他の研究者らは、HER2などの細胞外に発現される抗原を用いて、そのタンパク質の異なるエピトープに対する2つの異なる抗HER2抗体の投与によって、インビボおよびインビトロにおいて抗腫瘍活性がもたらされたことを観察した。Spiridonら、Clin.Cancer Res.8:1720−30(2002)(その全体が本明細書中で参考として援用される)。実際に、2つの異なる抗HER2抗体(Spiridon,2002;Friedmanら、Proc.Natl.Acad.Sci USA 102:1915−1920(2005));2つの異なる抗EGFR抗体(Friedman,2005;Pereraら、Clin.Cancer Res.11:6390−6399(2005));および1つの抗HER2と1つの抗EGFR抗体との組み合わせ(Larbouretら、Clin.Cancer Res.13:3356−3362(2007))の投与について、相乗効果が証明されている。これらの相乗効果は、同じ分子上の異なるエピトープに対する高親和性抗体を混合することによる、細胞表面分子の過剰架橋(hypercrosslinking)の結果である(Spiridon,2002)。HER2鎖とEGFR鎖の間でヘテロ二量体も形成されるので、架橋は、1つの抗HER2および1つの抗EGFR抗体を用いても可能である。1つより多いエピトープを同時に会合することによって、抗体−レセプター複合体の大きな凝集体が形成される。これらの大きな凝集体は、より小さい抗体複合体よりも速くエンドサイトーシスによって取り込まれ、それにより、レセプターの除去が加速される(Friedman,2005)。しかしながら、Spiridonらが、上で記載したように、細胞外に発現されるタンパク質HER2を観察した一方で、C35は、アポトーシスに関連して細胞表面上に発現されるようになる細胞内抗原である。1つの局面において、本発明は、抗HER2および/または抗EGFR抗体を使用することにより、C35の細胞表面発現を誘導し、それにより、抗C35抗体と抗HER2および/または抗EGFR抗体との相乗効果を引き起こすことに関する。
C35遺伝子は、染色体17q12に位置し、ERBB2(Her2/neu)遺伝子の3’末端から505ヌクレオチドの位置に存在する(Evansら、2006)。
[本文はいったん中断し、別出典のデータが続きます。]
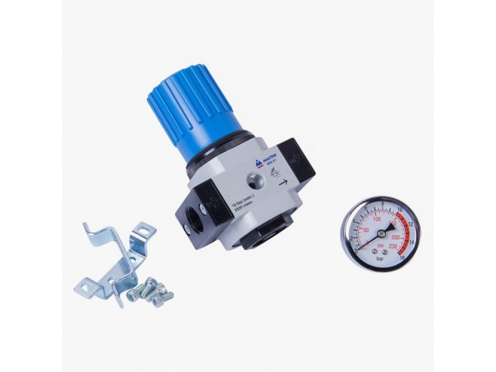 Манометр регулятор 1/2", МАСТАК 694-41 для регулировка давления сжатого воздуха в пневматической линии. Область применения: Автосервис, СТО. Конструкция устройства - Редуктор: выставление номинального давления на выходе, необходимого для нормальной работы инструментов и оборудования. Механизм редуктора встроен в блок фильтра. - Манометр: контроль давления, устанавливаемого редуктором. Манометр установлен на корпусе блока фильтра. Меры предосторожности - Соблюдайте правильность подключения в воздушную магистраль. - Не подключайте устройство к магистрали, давление в которой превышает максимально допустимое. Технические характеристики - Рабочее давление, бар 1,5 - 12 - Максимальное давление, бар 16 - Пропускная способность, л/мин 3500 - Рабочий диапазон температур от -10 до 60°С - Соединение, резьба вход/выход 1/2” внутр. / 1/2” внутр. - Габариты, мм 220х90х60 - Вес, кг 1,2
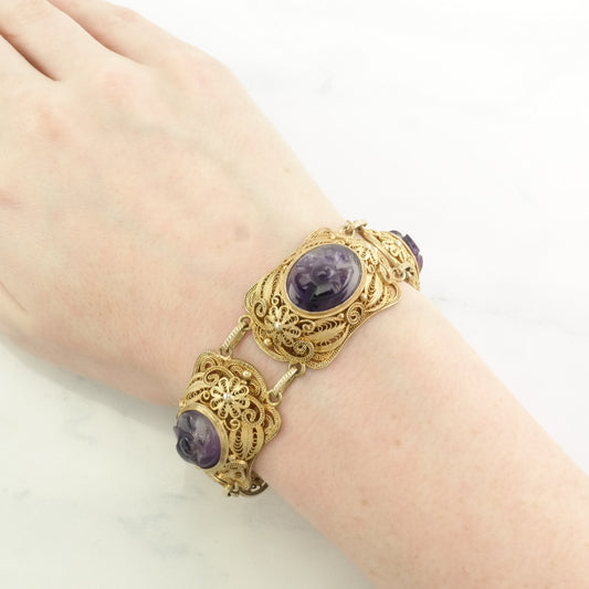 Chinese, Export Sterling Silver Link Bracelet Gold Gilded, Purple Amethyst, Carved, Flower Gold Gilded, Filigree

1つの研究において、C35およびHER2の発現が、相関すると示され、試験されたすべてのHER2陽性乳房腫瘍が、C35陽性でもあった(Evansら、2006)。50%ものC35+乳房腫瘍が、HER2も発現するので、それらは、C35抗体とHER2抗体との組み合わせで処置され得るが、多くのC35+腫瘍は、HER2を低発現するか、または発現しない。本明細書中の以下の実施例によって証明されるように、C35陽性腫瘍の大部分が、HER2またはEGFRを発現し、C35+腫瘍の小サブセットが、HER2とEGFRの両方を発現し、同様の小サブセットが、HER2もEGFRも発現しない。上で考察したように、HER2とEGFRの両方が、腫瘍の形質転換に関連し、抗体によって標的化されるとき、各々は、アポトーシスを誘導すると報告されている。本明細書中の以下で証明されるように、30個の解析された腫瘍のうち、7/30個の腫瘍が、C35+/Her2+/EGFR−であり、17/30が、C35+/Her2−/EGFR+であり、3/30が、C35+/Her2+/EGFR+であり、たった3/30が、C35+/Her2−/EGFR−だった。したがって、C35抗体とHER2抗体またはC35抗体とEGFR抗体との組み合わせが、これらの抗原が陽性である腫瘍を処置するために有用であり得る(例えば、アポトーシス誘導することにより、抗C35抗体を用いて標的化され得る表面上にC35を露出させることによって)。抗C35抗体と共に使用されるHER2抗体およびEGFR抗体の相乗作用は、少なくとも部分的に、それらがC35の細胞表面露出を引き起こすことである。また、抗体を個別に使用する処置とは対照的に、2つの抗体を使用することによって、両方の分子のレセプター除去活性、細胞殺滅または他のエフェクター機能が増大し得る。ゆえに、1つの局面において、本発明は、癌、特に、乳癌を処置するための方法に関し、その方法は、癌細胞を殺滅するのに有効な、ある量の抗C35抗体ならびにある量の抗HER2抗体および/またはある量の抗EGFR抗体を投与する工程を包含する。
I.定義
用語「a」または「an」の実体は、その実体の1つ以上のことを指すことに注意するべきである;例えば、「C35抗体(a C35 antibody)」は、1つ以上のC35抗体を表していると理解される。このように、用語「a」(または「an」)、「1つ以上の」および「少なくとも1つ」は、本明細書中で交換可能に使用され得る。
本明細書中で使用されるとき、用語「ポリペプチド」は、単数の「ポリペプチド」ならびに複数の「ポリペプチド」を包含すると意図され、そしてアミド結合(ペプチド結合としても知られる)によって直線的に連結されたモノマー(アミノ酸)から構成される分子のことを指す。用語「ポリペプチド」とは、2つ以上のアミノ酸の任意の鎖のことを指し、特定の長さの生成物のことを指さない。したがって、ペプチド、ジペプチド、トリペプチド、オリゴペプチド、「タンパク質」、「アミノ酸鎖」、または2つ以上のアミノ酸の鎖のことを指すために使用される他の任意の用語は、「ポリペプチド」の定義の中に含められ、用語「ポリペプチド」は、これらの用語のいずれかの代わりに使用されてもよいし、これらの用語のいずれかと交換可能に使用されてもよい。用語「ポリペプチド」は、ポリペプチドの発現後修飾(グリコシル化、アセチル化、リン酸化、アミド化、公知の保護基/ブロック基による誘導体化、タンパク分解性切断、または天然に存在しないアミノ酸による修飾を含むがこれらに限定されない)の産物のことを指すとも意図される。ポリペプチドは、天然の生物学的供給源に由来し得るか、または組換え技術によって生成され得るが、必ずしも指定された核酸配列から翻訳されるわけではない。ポリペプチドは、化学合成を含む任意の様式によって生成され得る。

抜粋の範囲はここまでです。